Hovermap: From DJI Add-On to a Product Line Deployed Across 40 Countries
Emesent was founded in 2018 by Stefan Hrabar and Farid Kendoul, who commercialised CSIRO robotics research into Hovermap — a LiDAR mapping and autonomous flight payload that enables drones to navigate and scan underground mines and tunnels autonomously where GPS fails and human entry is hazardous.
The product found immediate market traction. Hovermap is now deployed across more than 200 mine sites worldwide and is treated as mission-critical equipment by operators including Rio Tinto, BHP, and Glencore. The hardware is airframe-agnostic: it launched on DJI platforms and is now also available for US-manufactured platforms such as the Freefly Astro, which gains full obstacle-avoidance capability through the Hovermap integration.
Funding milestones mirror the company's growth.
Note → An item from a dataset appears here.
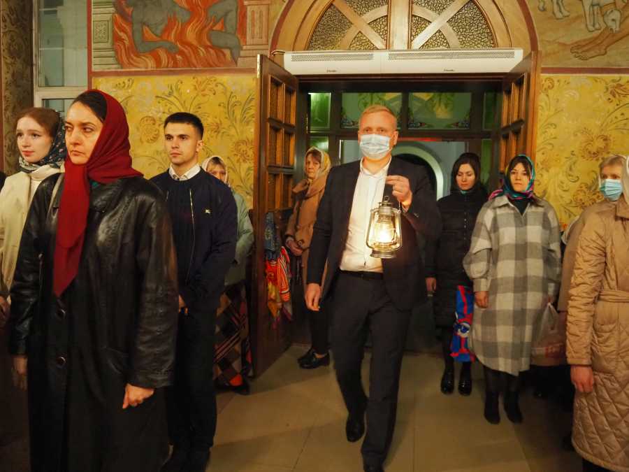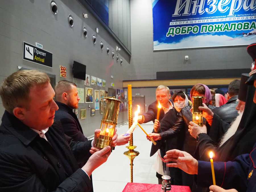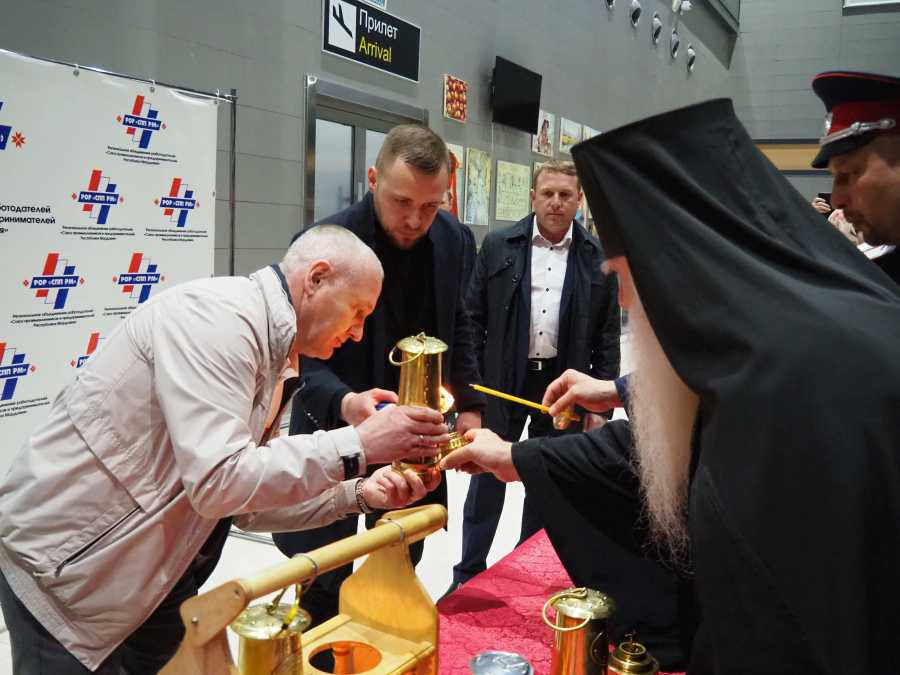 Нашу делегацию возглавил глава администрации ГП Рузаевка Алексей Домнин. Он привез святыню из аэропорта в Свято-Троицкий Соборный храм. По окончанию службы от него все желающие прихожане смогли зажечь свечи и лампадки.

Intelligence community strategic investor In-Q-Tel backed Emesent in 2020. In 2022, a $32 million Series A led by Perennial Partners, with Tiger Global and TELUS Ventures participating, followed. Hrabar, who led the company through the Series A, now serves as Chief Strategy Officer, while Miller leads as CEO. The product line has since expanded to include the Hovermap STX payload, the GX1 integrated SLAM scanner, the Aura data software suite, and the Cortex AI autonomy system, serving customers in more than 40 countries.
Defence Demand Pushes Emesent Beyond Its Mining Roots
Construction and mining remain Emesent's two largest verticals, but the company told Forbes Australia that defence reconnaissance has become the fastest-growing opportunity since the Series A, and that a portion of the new capital will be directed toward meeting the resulting capacity pressure.
"We need to grow our factory capacity to meet demand," CFO David Nucifora told Forbes Australia, citing parallel growth in both the defence and core industrial businesses.
Traction in defence is documented rather than aspirational. In April 2026, the US Army selected Hovermap as one of six winners at its xTech|Live competition held in Miami. Emesent demonstrated the system's ability to deliver real-time 3D situational awareness for infantry operating in GPS-denied, smoke-filled environments. The same SLAM technology capable of scanning underground mining faces maps combat structures or disaster-recovery sites with equal fidelity.
Analysis
Placing this deal alongside Washington's approach makes the contrast stark. The Pentagon has been forcing a domestic industrial base into existence by taking equity stakes in drone start-ups; FCC Covered List designations have forced companies like Westmag to rebuild severed motor supply chains from scratch. The US strategy is to ban the competition first and then scramble to subsidise alternatives. Australia's strategy, at least in this case, is more direct: find the company that is already winning on merit, and lend it money to keep scaling.
Emesent's merit case is solid. It has outcompeted every rival at GPS-denied mapping to earn deployments at 200-plus mine sites globally, and some of the early validation work was done on DJI airframes. Canberra evidently sees no shame in that history, because the frame was never the point — the intelligence layer above it is. That is why this round centres on Cortex AI and Aura rather than another hardware revision. The durable business is in autonomy and data, not hardware. By comparison, Skydio's $4.4 billion valuation rests in considerable part on regulatory moats rather than pure product competitiveness.
The cautionary note, however, is real. Government-led capital carries government-grade risk: the Australian federal government launched the first statutory review of the NRFC just days before this deal was announced, assessing whether the fund is still meeting its mandate. Watch whether that review endorses the venture debt model or constrains it. If the model survives, Emesent becomes a reference case for how a mid-sized allied nation can build sovereign drone capability without resorting to protectionism — and that is a model that will attract close study well beyond Australia.